Un bambino che lasciasse la città nativa e vi tornasse dopo cinquant’anni, troverebbe bensì dei cambiamenti, ma non tali da togliere tutti i ricordi dell’infanzia. Per me invece, che avevo visto la mia città un giorno prima, l’impressione che ricevevo per quella trasformazione era oltre ogni dire indescrivibile.

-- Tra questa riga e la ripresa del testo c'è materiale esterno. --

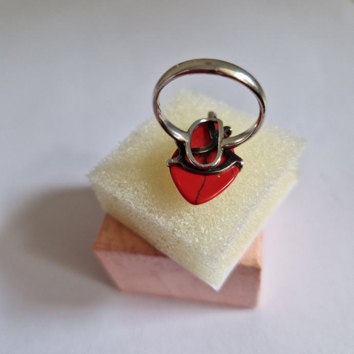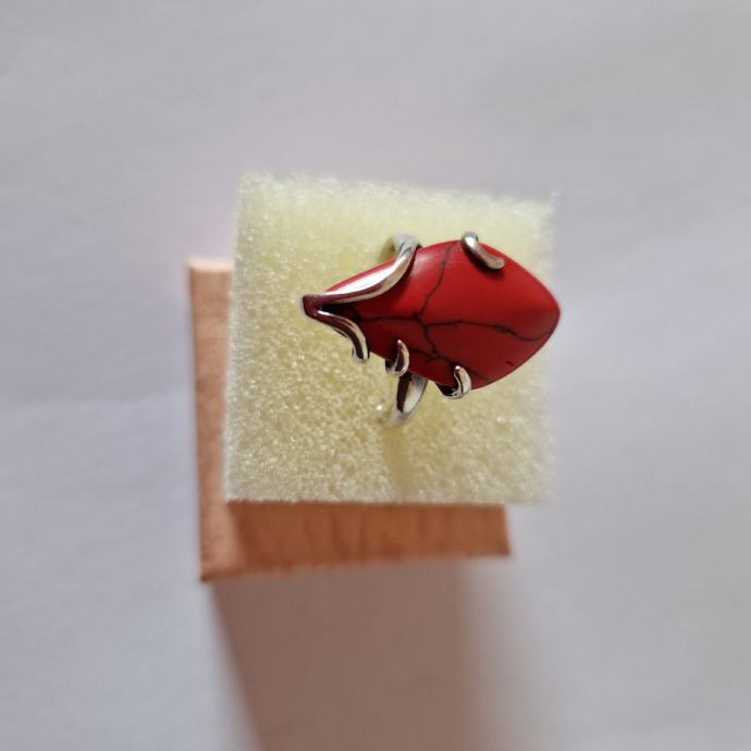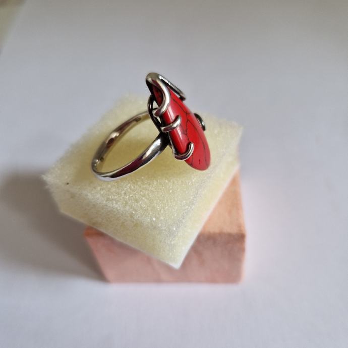Prsten je od crvenog koralja i srebra finoće 925 sa žigom.Veličina prstena je 17mm(7).Veličina glave ,dužina 2.5cm,u najširem dijelu je širok 1.8cm.Prsten je malo korišten ,te je kao nov.
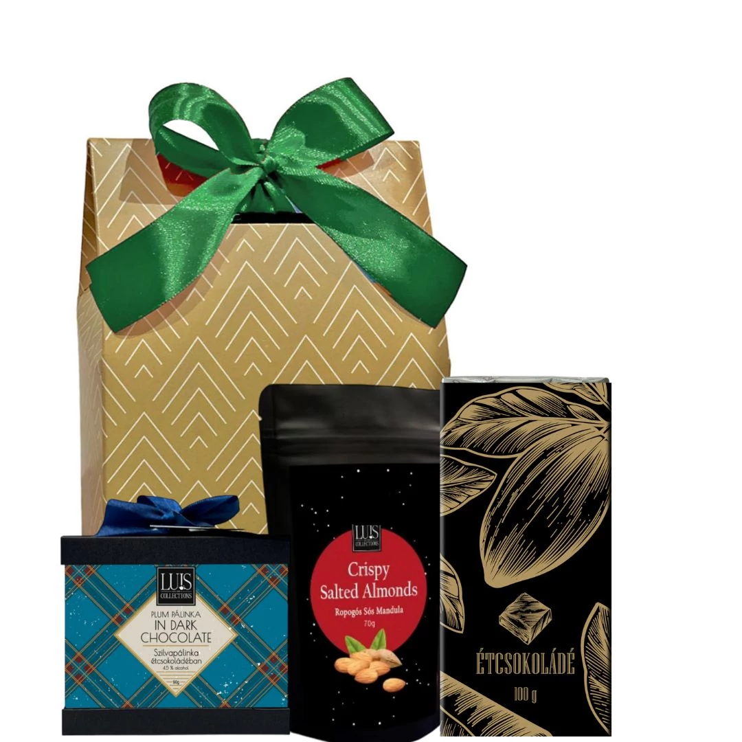 Sós mandula: Sós, pörkölt mandula ünnepi csomagolásban

Finalmente mi trovai dinanzi alla casa dalla quale ero uscito. Credo che i miei piedi mi guidassero istintivamente alla mia antica abitazione, poichè non mi rendevo conto di nulla. Quella casa però mi apparve tanto estranea, quanto qualunque altra della della città.

Se la porta ne fosse stata chiusa, non sarei entrato, pensando di non averne il diritto; ma essa cedette alla mia mano, e con passo incerto penetrai nell’appartamento. In quella solitudine mi sentivo male. Provai il bisogno di parlare con qualcuno ed in quell’istante giunse il soccorso.

Udii il fruscio di una tenda ed alzai gli occhi. Editta Leete stava dinanzi a me.

Sul suo bel viso si leggeva un sentimento di simpatia a mio riguardo.

«Che cosa è accaduto, signor West?» domandò essa. «Io era qui quando voi siete entrato, ho compresa la vostra afflizione e vedendovi sospirare non ho potuto tacere più a lungo. Posso prestarvi qualche aiuto?»

Essa, parlando, stese le mani involontariamente ed io l’afferrai e le strinsi fortemente come un uomo che in procinto di annegare si aggrappa alla corda salvatrice.

L’espressione di compassione che spirava da’ suoi begli occhi ricondusse in me la calma. La sua presenza mi tranquillò e mi confortò operando in me l’effetto di una bevanda miracolosa.